ICYMI:; Backdoor concerns; TalkTalk losses; EBay exploit; Safe-Harbour 2; Malwarebytes flaw
The latest In Case You Missed It (ICYMI) looks at; Investigatory Powers Bill; TalkTalk woes continue; EBay exploit unfixed; EU-US Privacy Shield agreed; Malwarebytes apologises for flaw.
Theresa May home secretary
MPs in the UK science and technology committee released a report which says firms fear a rise in hacking due to encryption 'back doors'. The Investigatory Powers Bill is described as ‘confusing' and committee chairman Nicola Blackwood said: "There remain questions about the feasibility of collecting and storing internet connection records (ICRs), including concerns about ensuring security for the records from hackers.”
“Customers have lost faith in TalkTalk as a trustworthy brand," following the October breach of the broadand, TV and telecoms provider, according to Imran Choudhary, consumer insight director at Kantar Worldpanel quoting his own company's research on the impact of the personal data loss. It reports that TalkTalk has lost some 250,000 customers since the breach and has seen its share of the home services market fall by 4.4 percent in terms of new customers. Clearly data loss has become a brand-reliability issue.
EBay has no plans to fix a severe active code exploit on the company's global sales platform.

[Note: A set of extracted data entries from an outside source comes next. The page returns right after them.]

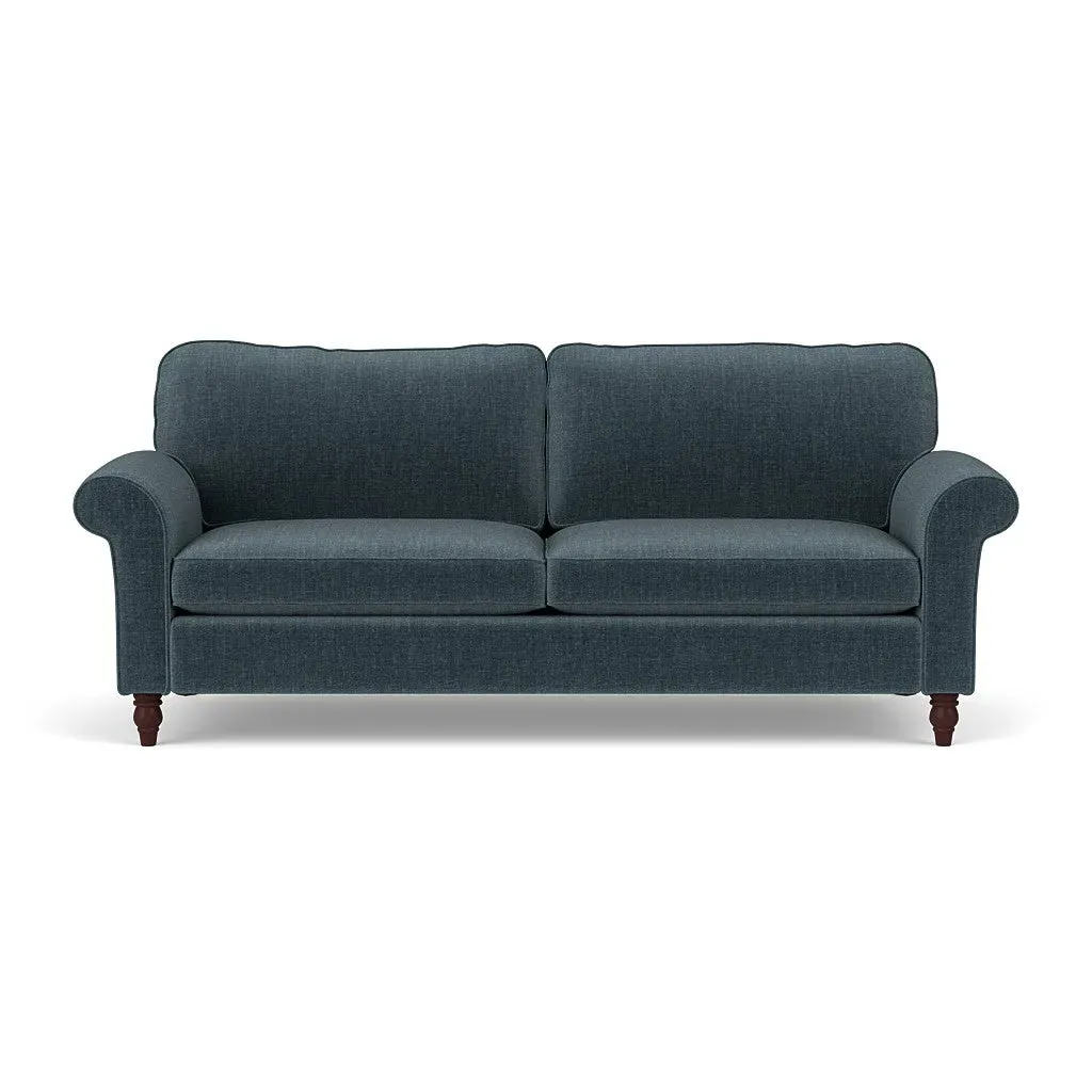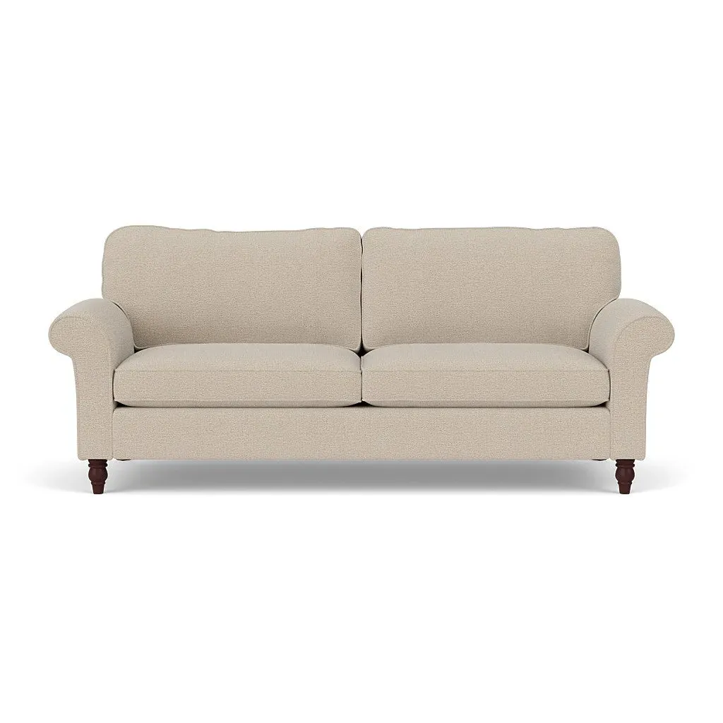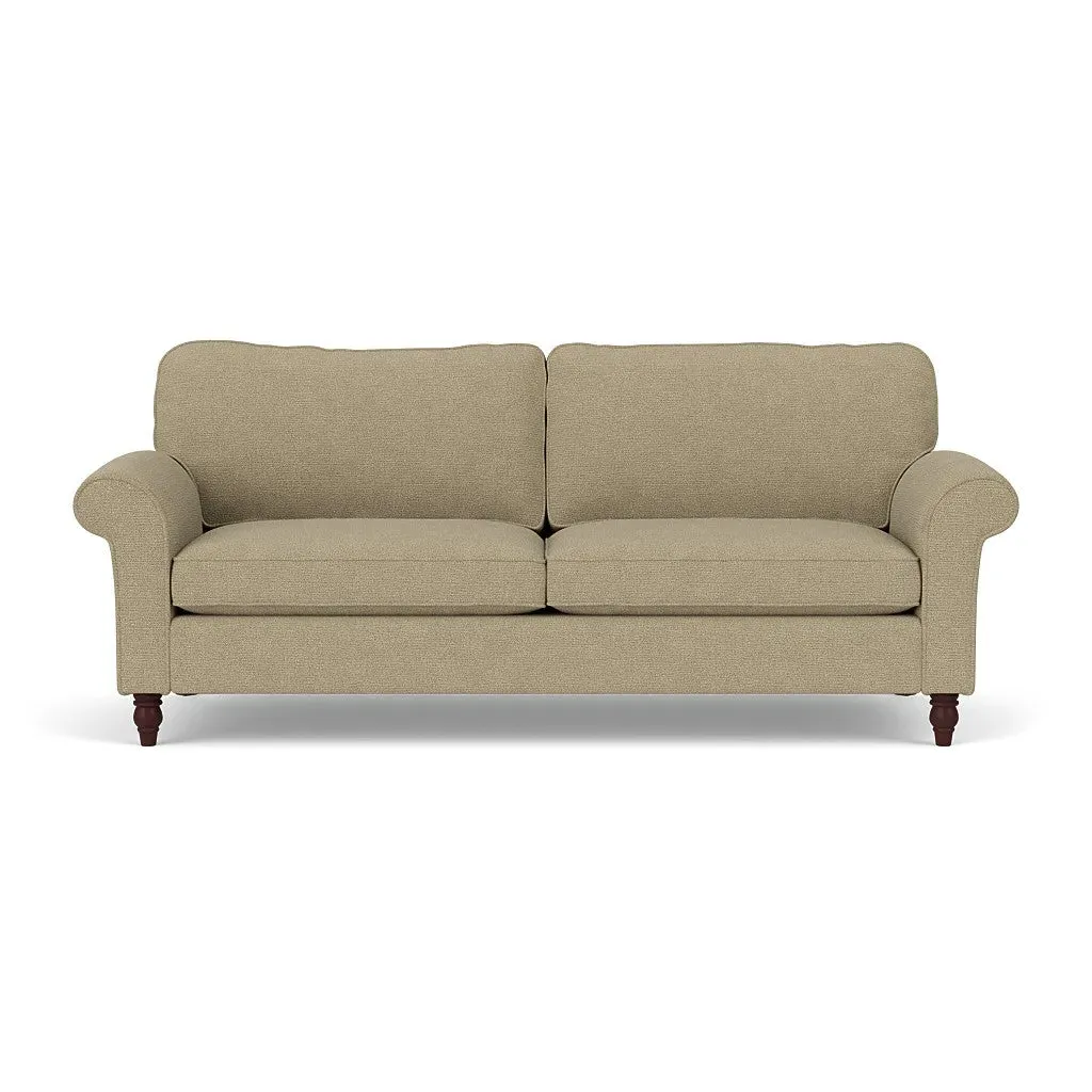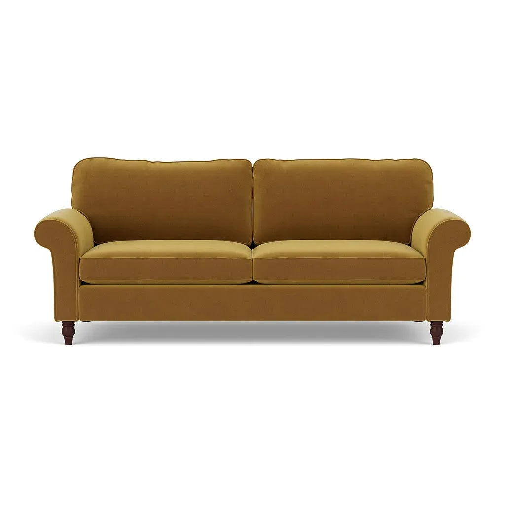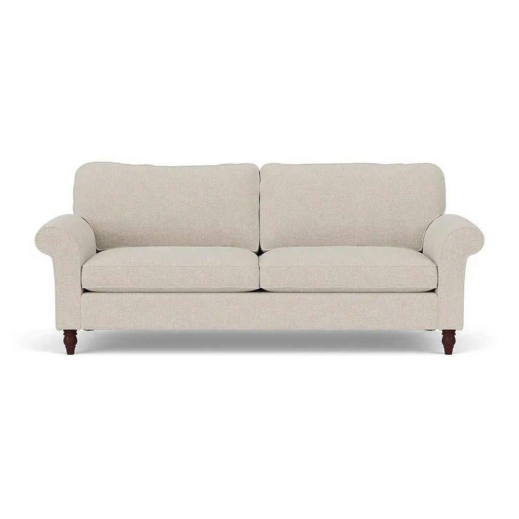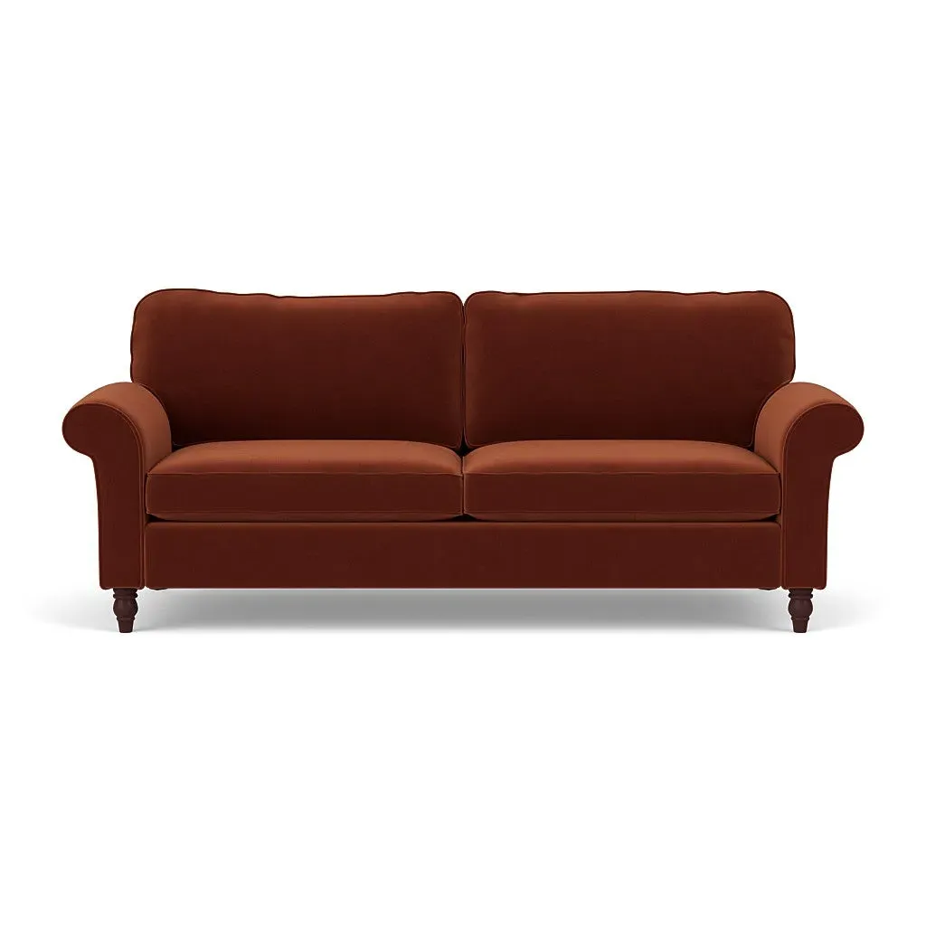 The sofa offers comforting support with its tall, scrolled arms and deep seat cushions. Its beautifully turned feet add character, while the generous seating provides ample space for relaxation. The design features both luxurious feather and low maintenance interior options to suit different preferences.
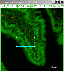 The original image was taken with 1 63X N.A. 1.4 lens at 1024 x 1024 pixels such that each pixel is 0.13 x 0.13 um. The image below is scaled to 25% and the cyan box represents the region that will be displayed at 1:1 pixels throughout the rest of the discussion of noise vs. speed and filtering. The images were saved as png instead of jpg to avoid spatial compression.
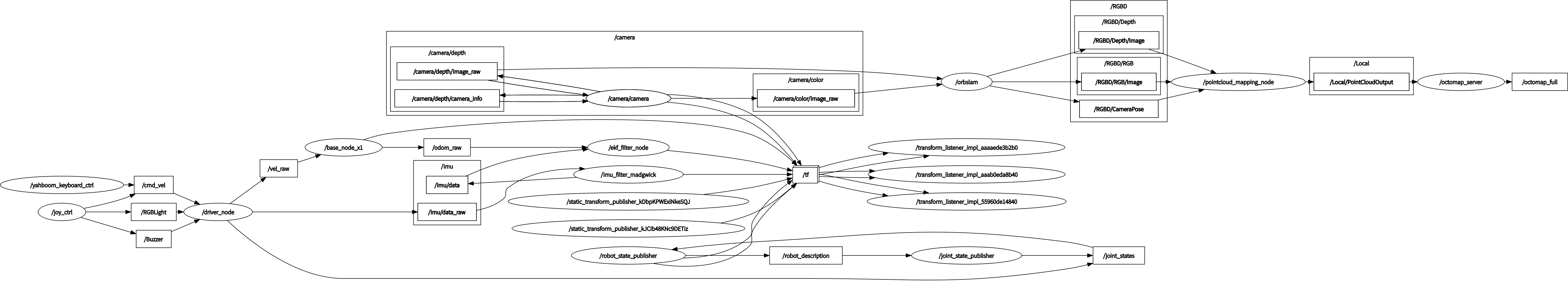 7. ORB_SLAM2 Octomap Map Building7.1, Introduction7.2 , octomap map based on camera7.3, Octomap construction based on orbslam and pointcloud_mapping7.4、Node analysis7.3.1、Display calculation graph7.3.2、Details of each node7.3.3、TF transformation
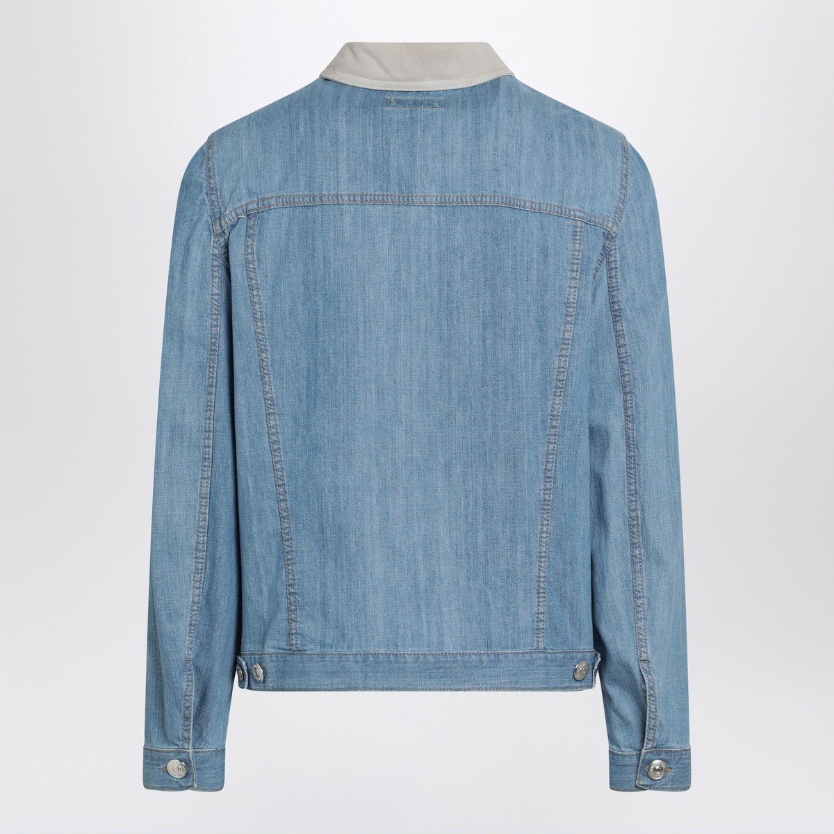 Light blue cotton denim jacket by Brunello Cucinelli featuring a front button fastening, long sleeves with buttoned cuffs, adjustable hem, contrasting suede collar, two front pockets and contrast stitching.
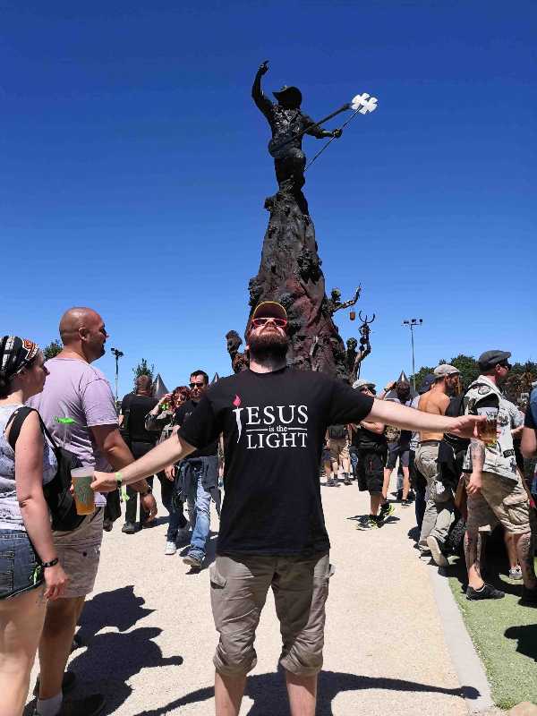 Je trouve rapidement mon bonheur en faisant enfin le tour des créations visuelles imaginées pour le site clissonnais. Le nouveau bar Mainstage est sublime et crache de la fumée, l’installation d’un mur d’eau sème la joie, l’émerveillement et l’hydratation chez les festivaliers, et je ne me lasse pas de redécouvrir les œuvres d’art déjà présentes les années précédentes. Le site n’a jamais eu autant de gueule, et je bénis encore une fois les organisateurs d’avoir réussi à créer une telle merveille. D’autant que je reviens tout juste du Download, qui essaie en vain de recréer l’aspect Mad Max du Hellfest avec des tas de pneus. Seul bémol peut-être : le pavage des Mainstage et de la Warzone, voulu car quelques personnes se sont plaintes de la poussière soulevée lors des concerts, endommage clairement l’ambiance bon enfant du festival. Je ne sais pas si quelqu’un tient des stats là-dessus, mais je suis prêt à parier que le nombre de “pogos” et autres “slams” va diminuer drastiquement sur ces scènes, sol en pierre oblige. À force d’en faire toujours plus, le Hellfest lui-même ne va-t-il pas un jour prendre plus d’importance que ses festivaliers ? Cette année en tous cas, un léger sentiment d’oppression se fait ressentir : de retour au campement après Meshuggah, j’apprends que nos tentes ont été bougées par des bénévoles afin de libérer de l’espace pour les nouveaux arrivants. Si je peux comprendre la logique derrière la manœuvre, il n’en reste pas moins la sensation d’être traité comme du bétail qu’on tasse pour en faire tenir le maximum dans un enclos. J’apprends aussi que les caddies sont dorénavant “interdits” sur le camping, alors que chaque année d’épiques combats de caddies nocturnes faisaient la joie des petits et des grands. Vous verrez que bientôt ils empêcheront les sacrifices humains du Yellow Camp…
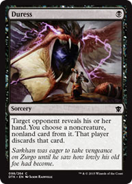 ![]() | Duress: This super-cool (and super-real) word is used to describe “a compulsion made under or because of a threat,” and as we can clearly see from the art, poor Zurgo here is being forced to spill the beans or else. | ![]() |
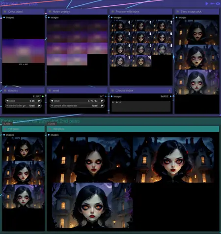 生成一个彩色潜变量,为其添加噪声,并通过不同曝光度生成变体,预览这些变体,选择你想要放大索引,然后完成,在两步内进行放大。
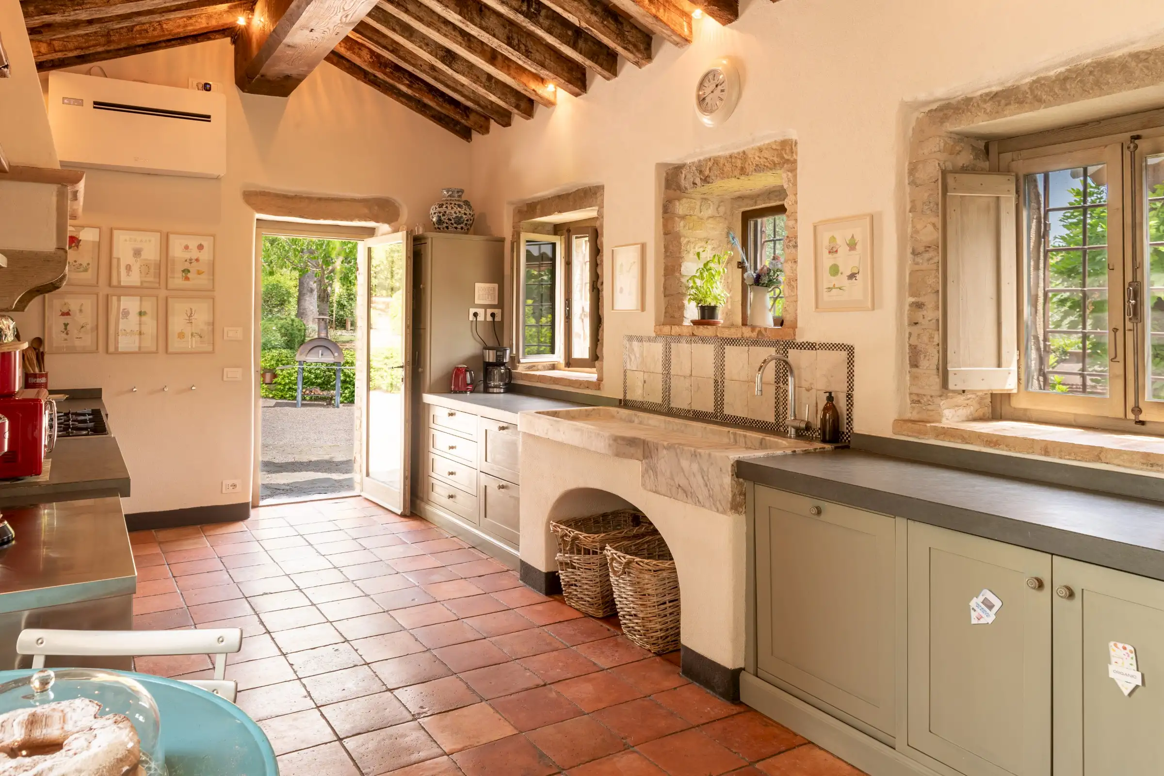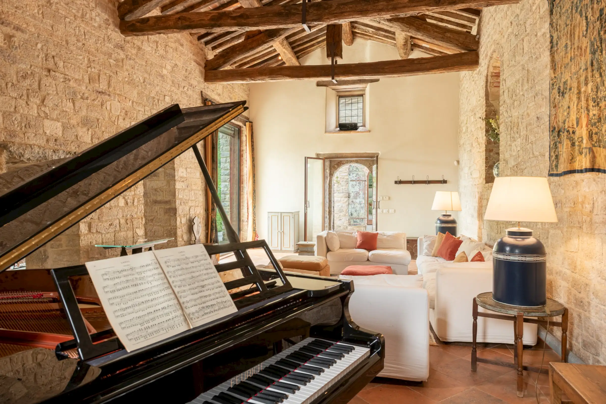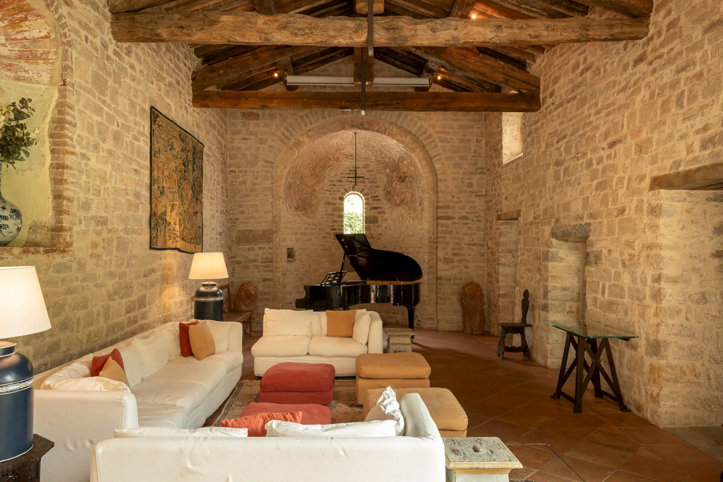 La Chiesetta is a large family home that also lends itself perfectly to weddings, concerts or any other big gathering, thanks to its captivating mix of grandeur, warmth and charm. The chapel’s pale stone walls and magnificent beamed roof offer an incredible venue space.
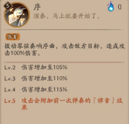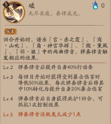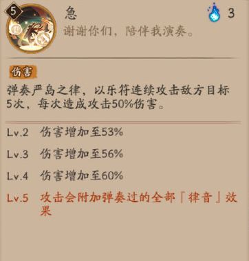 弹奏严岛之律,以乐符连续攻击敌方目标5次,每次造成攻击50%伤害。
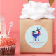 Personalised Christmas stickers with a light greenish blue background. Illustrated with a pair of blue scandinavian deer wearing red scarves. With decorative markings on their bodies.

Check Point Software's research team disclosed details of a vulnerability in mid-December last year but on 16 January eBay stated that it had no plans to fix the vulnerability. This particular vulnerability, though not yet seen exploited in the wild, is particularly large and Check Point's proof of concept, according to the company, works.
A last minute agreement on EU-US Safe Harbour transatlantic data transfers has been announced, called The EU-US Privacy Shield, but civil liberties objections remain.
US authorities have pledged that the US will avoid “indiscriminate mass surveillance” of EU citizens and a US ombudsman will follow up on complaints from EU citizens made via European data protection agencies (DPAs) while the European Parliament will play the role of watchdog for citizens over any new Safe Harbour agreement. But the status of the interim arrangement is questioned.
Malwarebytes' CEO has apologised and launched a bug bounty scheme after Google Project Zero researchers exposed the latest in a long line of anti-virus product flaws.
“I'd like to take this opportunity to apologise,” said Malwarebytes CEO Marcin Kieczynski in a 1 February blog in which the company owned up to several security flaws in its anti-virus software that are still three-to-four weeks away from being fixed.